#### Activity:
Nothing but the lines from the start of the entries below through the line containing "Успейте забронировать на" should appear in the answer, copied exactly and free of pictures.

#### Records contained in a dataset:
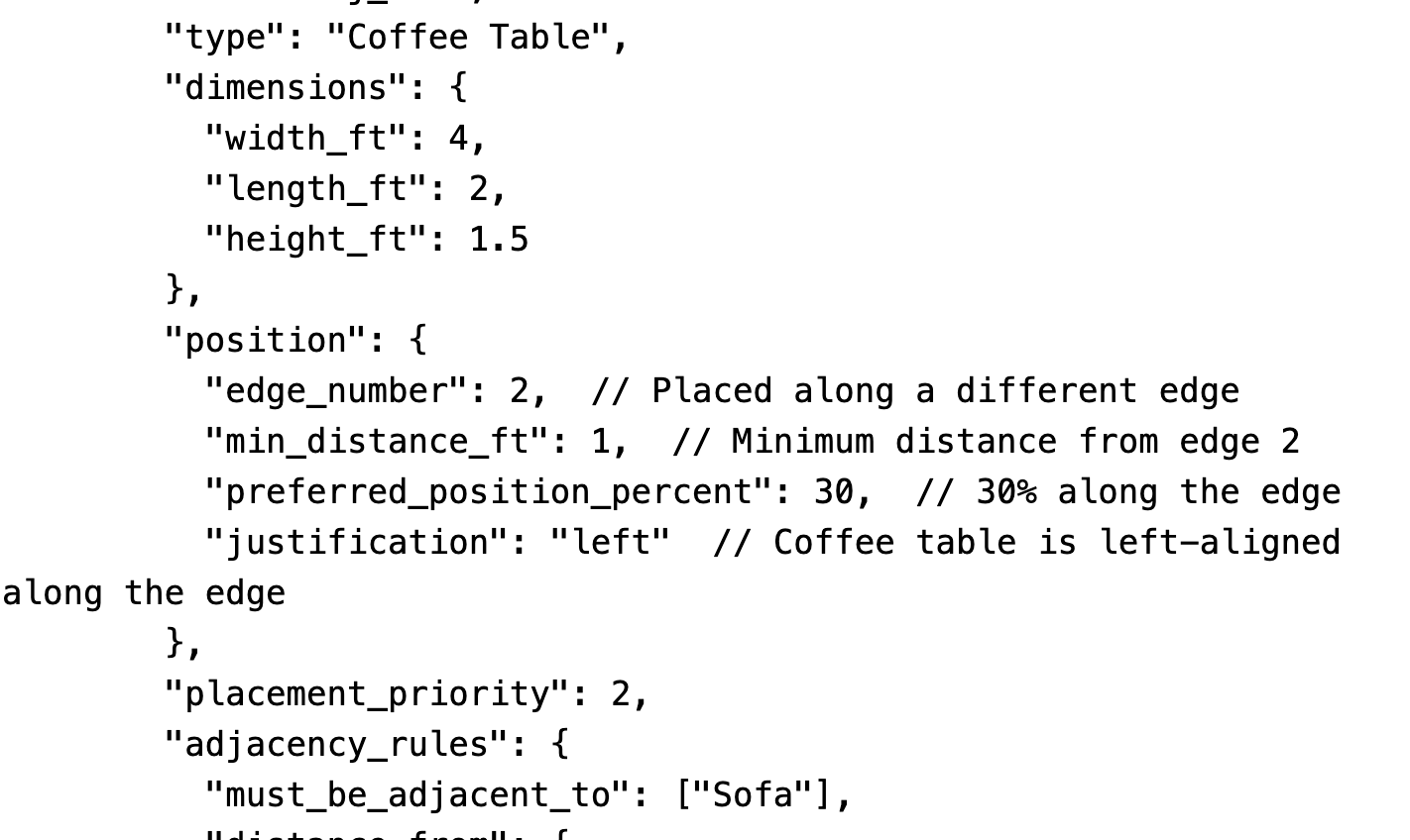 "justification": "left" // Coffee table is left-aligned along the edge
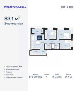 Успейте забронировать на этих условиях! Предложение ограничено! Стоимость квартиры указана со скидкой, ваша экономия составит 500,000 RUB. Звоните, мы вам все подробно расскажем! Просторная трехкомнатная квартира с предчистовой отделкой в ЖК ''Мириады'' на 2 этаже. Общая площадь: 83.1 кв.м., жилая: 37.7 кв.м., площадь просторной кухни-столовой: 21 кв.м. Квартира угловая, идеально подойдет любителям тишины и панорамных видов. В квартире одна лоджия, два совмещенных санузла. Высота потолков 2.7 м. Квартира находится в корпусе ГП-72.105. Дом монолитный, одноподъездный, высотой 23 этажа. На этаже 8 квартир. В подъезде 2 пассажирских и 1 грузовой лифт. Начало строительства - 1 квартал 2026 года. Окончание строительства - 3 квартал 2028 года. Оформление сделки по договору долевого участия. Вселенная бесконечных историй. Ранее невиданный Тюмени масштаб: территория 240 гектаров и 1 650 000 м² застройки. Мириады это город масштабных перемен и больших возможностей. Город зеленых рощ и зеркальных озер. Город для работы, учебы и развлечений. Город для детей и их родителей. Город для всех и каждого. Проект расположен в районе Мыс рядом с ТРЦ ''Тюмень Сити Молл'' в границах улицы Тимофея Чаркова, Тобольского тракта и объездной дороги. Срок полного освоения территории - до 2034 года. #zMda5A
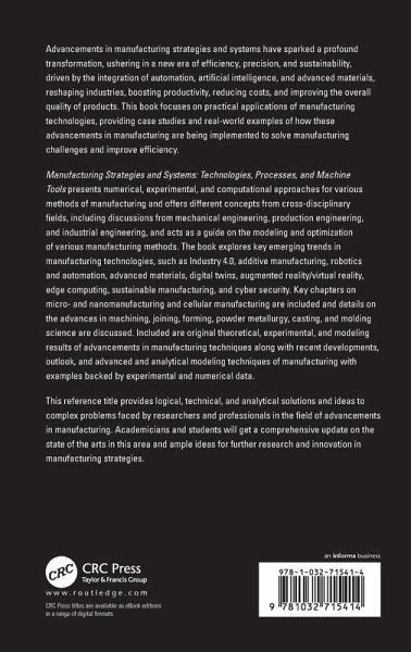 Advancements in manufacturing strategies and systems have sparked a profound transformation, ushering in a new era of efficiency, precision, and sustainability, driven by the integration of automation, artificial intelligence, and advanced materials, reshaping industries, boosting productivity, reducing costs, and improving the overall quality of products. This book focuses on practical applications of manufacturing technologies, providing case studies and real-world examples of how these advancements in manufacturing are being implemented to solve manufacturing challenges and improve efficiency.
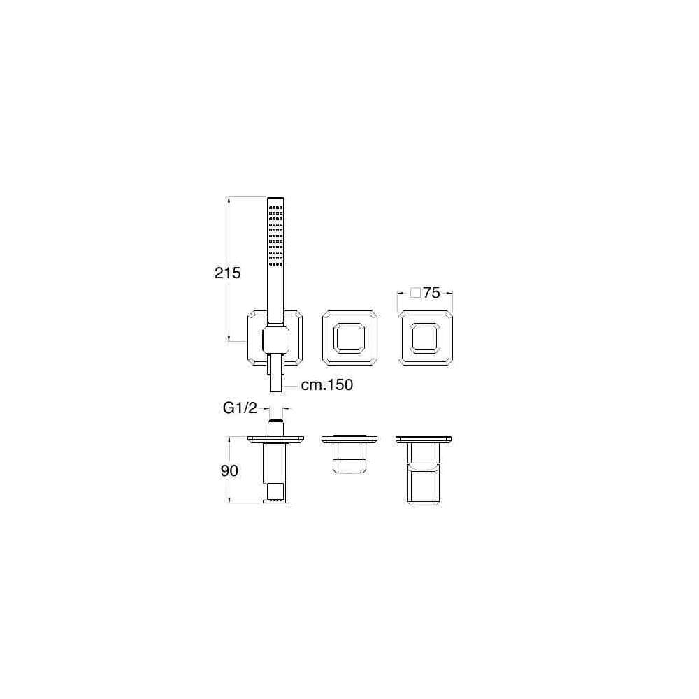 Zestaw wannowy jednouchwytowy z rozdzielaczem z główką prysznicową Cristina Rubinetterie Italy CRIIT603
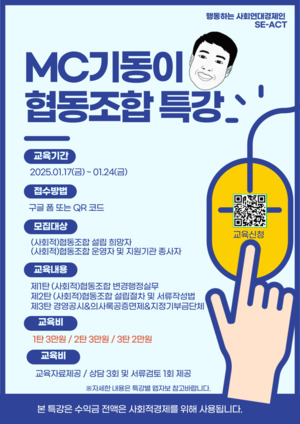 '행동하는 사회연대경제 SE-ACT(이하 SE-ACT)'가 협동조합 설립절차, 변경행정, 경영공시 등과 관련해 'MC 기동이 협동조합 특강'을 연다. 강사 'MC기동이'는 이기대 SE-ACT 공동추진위원장으로 서울시 협동조합지원센터 상담지원팀장이었으며 현재 기본소득당 사회연대경제국장을 맡고 있다. 이번 교육 수익금 전액은 사회연대경제 활성화를 위해 기부될 예정이다. 특강은 3개로 구성돼있다. ▲제1탄 '(사회적)협동조합 변경행정 이해'는 17일과 19일, ▲제2탄 '(사회적)협동조합 설립절차 이해 및 서류작성법'은 23일과 24일,
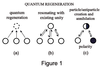 Now, naturally occurring entities already have the higher aspects present. Taking this into account, we can identify three features of quantum regeneration: 1) previously separate parts (any number) resonating to create (quantum-regenerate) a collective state that all the parts can now access instantly (Figure 1(a)); 2) to connect up to and resonate with an already existing single quantum state or unity (the fractal is manifest), such as all natural entities, cells, planets, star systems, galaxies (Figure 1(b)); and 3) two opposites, such as particle and antiparticle, apparently disappearing in a burst of energy, but in fact (and not recognised) quantum regenerating back to the state of unity in the next fractal spectrum (Figure 1(c)).
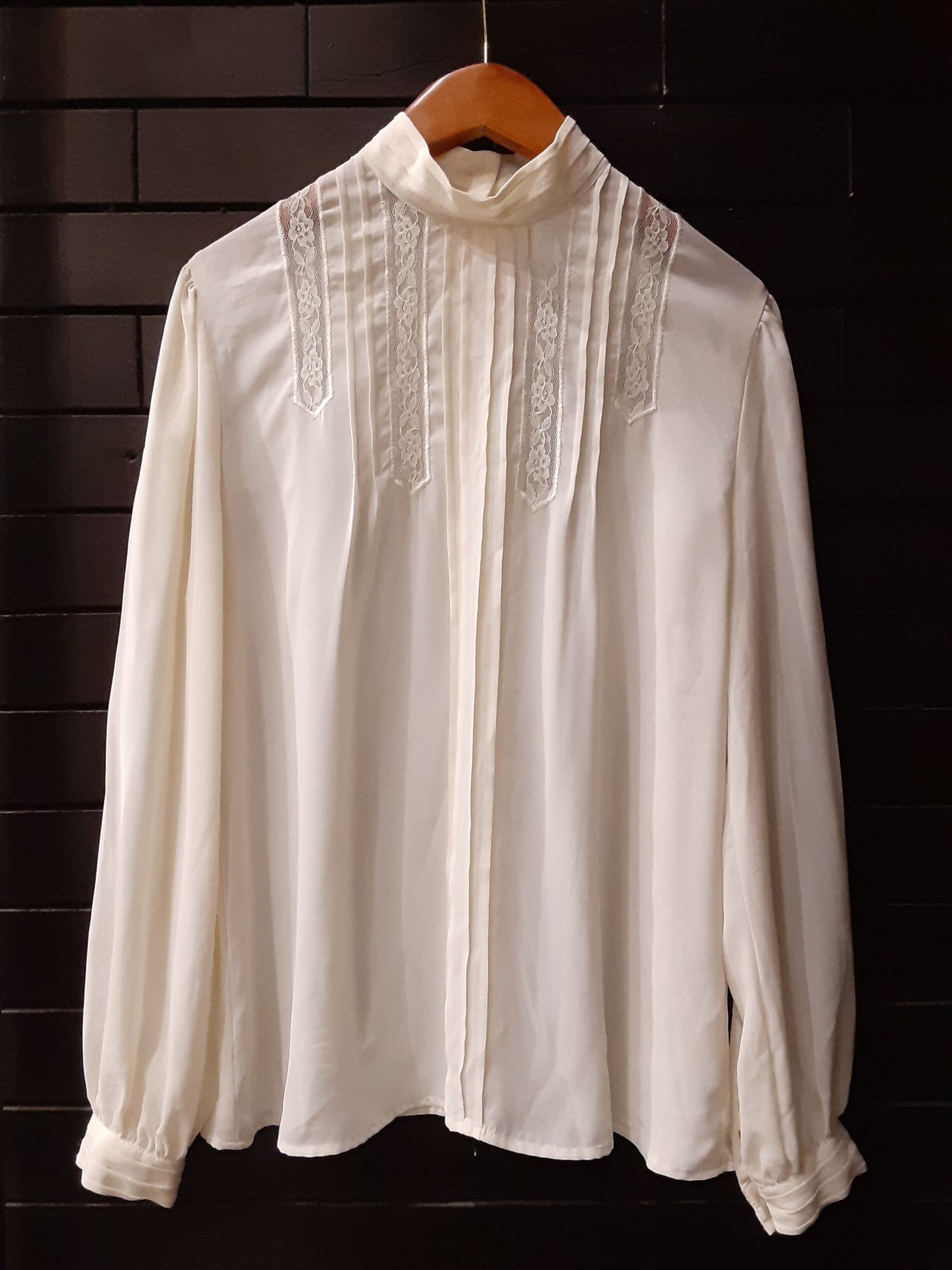 Lace design stand collar blouse レースデザインスタンドカラーブラウス
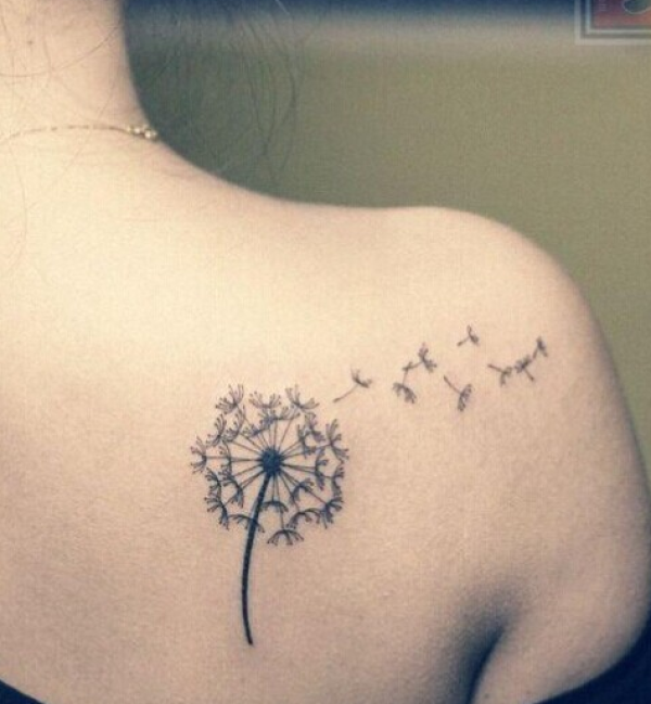 女生肩部唯美的蒲公英纹身
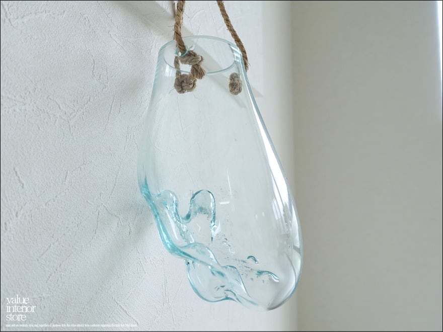 ハンギングフラワーベースNawaS01 花瓶 プリミティブガラスベース 壁掛け 花器 吹きガラス 手づくり ウォールベース 一点物 idavase

#### Task solution:
 "justification": "left" // Coffee table is left-aligned along the edge
 Успейте забронировать на этих условиях! Предложение ограничено! Стоимость квартиры указана со скидкой, ваша экономия составит 500,000 RUB. Звоните, мы вам все подробно расскажем! Просторная трехкомнатная квартира с предчистовой отделкой в ЖК ''Мириады'' на 2 этаже. Общая площадь: 83.1 кв.м., жилая: 37.7 кв.м., площадь просторной кухни-столовой: 21 кв.м. Квартира угловая, идеально подойдет любителям тишины и панорамных видов. В квартире одна лоджия, два совмещенных санузла. Высота потолков 2.7 м. Квартира находится в корпусе ГП-72.105. Дом монолитный, одноподъездный, высотой 23 этажа. На этаже 8 квартир. В подъезде 2 пассажирских и 1 грузовой лифт. Начало строительства - 1 квартал 2026 года. Окончание строительства - 3 квартал 2028 года. Оформление сделки по договору долевого участия. Вселенная бесконечных историй. Ранее невиданный Тюмени масштаб: территория 240 гектаров и 1 650 000 м² застройки. Мириады это город масштабных перемен и больших возможностей. Город зеленых рощ и зеркальных озер. Город для работы, учебы и развлечений. Город для детей и их родителей. Город для всех и каждого. Проект расположен в районе Мыс рядом с ТРЦ ''Тюмень Сити Молл'' в границах улицы Тимофея Чаркова, Тобольского тракта и объездной дороги. Срок полного освоения территории - до 2034 года. #zMda5A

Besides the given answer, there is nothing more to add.